年齢では小児の感度が66%であった一方、成人では34%。
34%っていうと、インフルエンザ10人のうち3人のみしか陽性にならない検査。
迅速検査を使う気がなくなりますね。
あれ、普段使っている迅速検査の結果と違くない?
論文を読んでいて頭が少し混乱してきました。いろいろな製品が売られていますが、どの迅速検査もほぼ100%正しく診断できる?というようなことを書いてあります。
まさか、日本では技術が進み、欧米で発表されていないような画期的な迅速検査が、日本でのみこっそり売られているのでしょうか?
分かりません。ということで、論文を読んでみましょう。
迅速検査の企業が参照論文として使っている論文より
ここで、当院で使っている迅速検査の根拠となっている論文を読んでみましょう。大丈夫です。企業から一円もお金をもらっていません。論文は送ってもらいましたが。

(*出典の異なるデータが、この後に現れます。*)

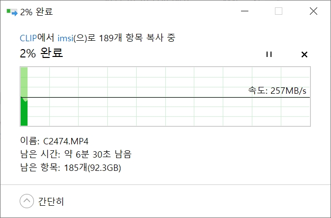 동영상 189개(94.3GB)를 복사하는데 속도 257 MB/s, 약 6분 걸린다. 약 6.6 배 빨라졌다.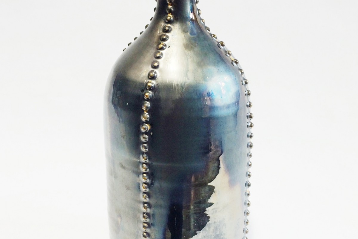Studded vessel with palladium glaze and gold lustre. The two glazes layered together created an oily look. $1000.00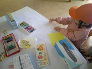 貼りました。この色が使いたい、ここにシールを貼りたい、と自分で決めていくことも増えてきました。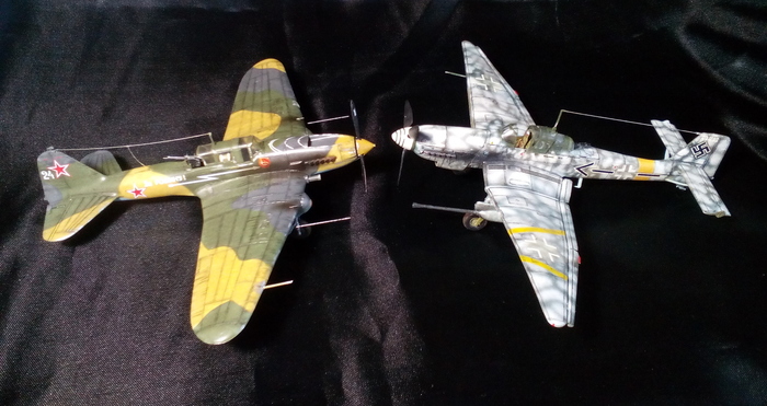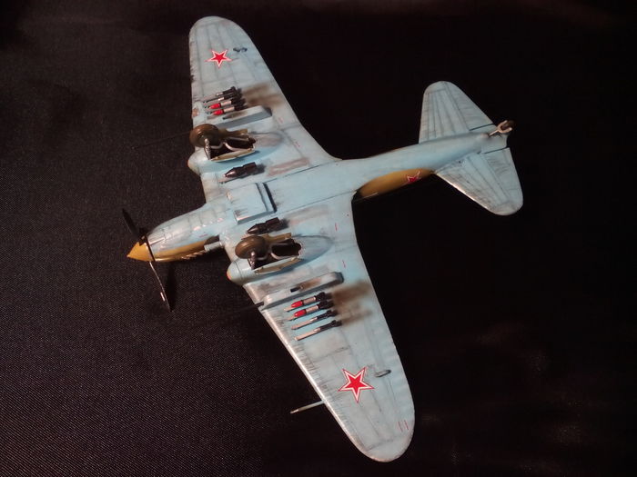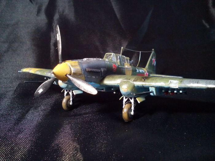 Штурмовик Ильюшин Ил-2 - самый массовый боевой самолёт в истории авиации, за годы серийного производства было выпущено 36 183 экземпляра, которые массово применялись на всех фронтах Великой Отечественной, а по её окончании состояли на вооружении ВВС СССР и стран-сателлитов до 1954 года. Разработан в ОКБ-240 под руководством С.В.Ильюшина, первый полёт совершил в октябре 1939. За время производства в конструкцию неоднократно вносились изменения, в том числе радикальные (кабина была одиночной или двухместной, изменялась форма крыльев, менялся двигатель). Конструктивно штурмовик представлял из себя классический низкоплан смешанной конструкции, характерной особенностью которого являлась интегрированная в силовую схему планера броня АБ-1 (позднее - АБ-2), состоявшая из листов гомогенной стали толщиной 4-6 мм. Бронирование защищало мотор и пилота (стрелка - в меньшей степени) от пуль и осколков снарядов, повышая живучесть самолёта. Способность Ил-2 держать удар и его надёжность впечатляют - были зафиксированы случаи, когда штурмовики возвращались на базу, имея более 500 пробоин. Немецкие военные прозвали Ил-2 Betonflugzeug - "Бетонный самолёт", так же за ним закрепилось прозвище "летающий танк".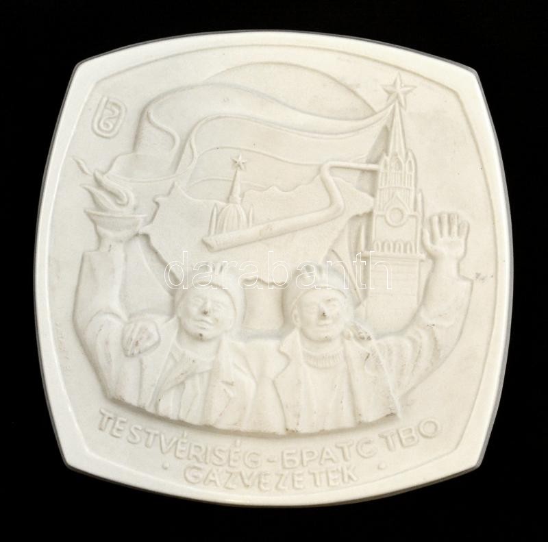 Hollóházi Testvériség gázvezeték, biszkvit porcelán plakett, jelzett, kopott, 15×15 cm
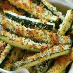 Crispy oven-baked zucchini fries coated with crunchy Japanese panko breadcrumbs and savory Parmesan cheese, offering a healthier and flavorful alternative to traditional fries.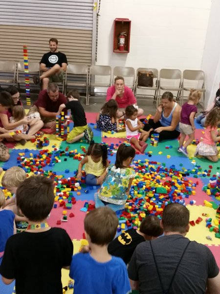 Kids building with the 20,000 LEGO bricks in a free build area.

この論文は前回のインフルエンザの診断の部分でも使用させてもらいました。2007年~2008年に福岡の小児科医院でインフルエンザを疑われた人を対象に、自社と他社の迅速検査とウイルス分離を全例に行いました。
結果ですが、自社製の迅速検査はウイルス培養をリファレンスにして、感度97%、特異度94.9%でした。とても、よい研究結果のように思えます。
しかし、ここで問題になるのは2点です。
小児が対象のため、成人より感度が高く出やすい
小児対象に行われているので、一般的に感度が高く出やすいです。大人では感度はどの程度になるのでしょうか?この研究からは分かりません。
研究のInclusion&Exclusion Criteriaが不明瞭
インフルエンザを疑われた人という、不明瞭な基準です。誰が、どの時点で、どんな症状が認められたら対象になるのでしょうか?どんな患者は除外されるのでしょうか?
前回の講義内容ですが、臨床症状からインフルエンザを診断しようとすると、だいたい60~70%しか当たりません。少なくとも30%インフルエンザは研究から除外されているでしょう。
先の述べたシステマティックレビューで、不明瞭な研究対象基準が問題になっていましたが、こういった事なんですね。
<参考文献>
新しい技術白金-金コロイドを用いたインフルエンザ 迅速診断キット“イムノエースFlu”の評価 臨床と研究 2008 (ネット上には公開されておりませんでした)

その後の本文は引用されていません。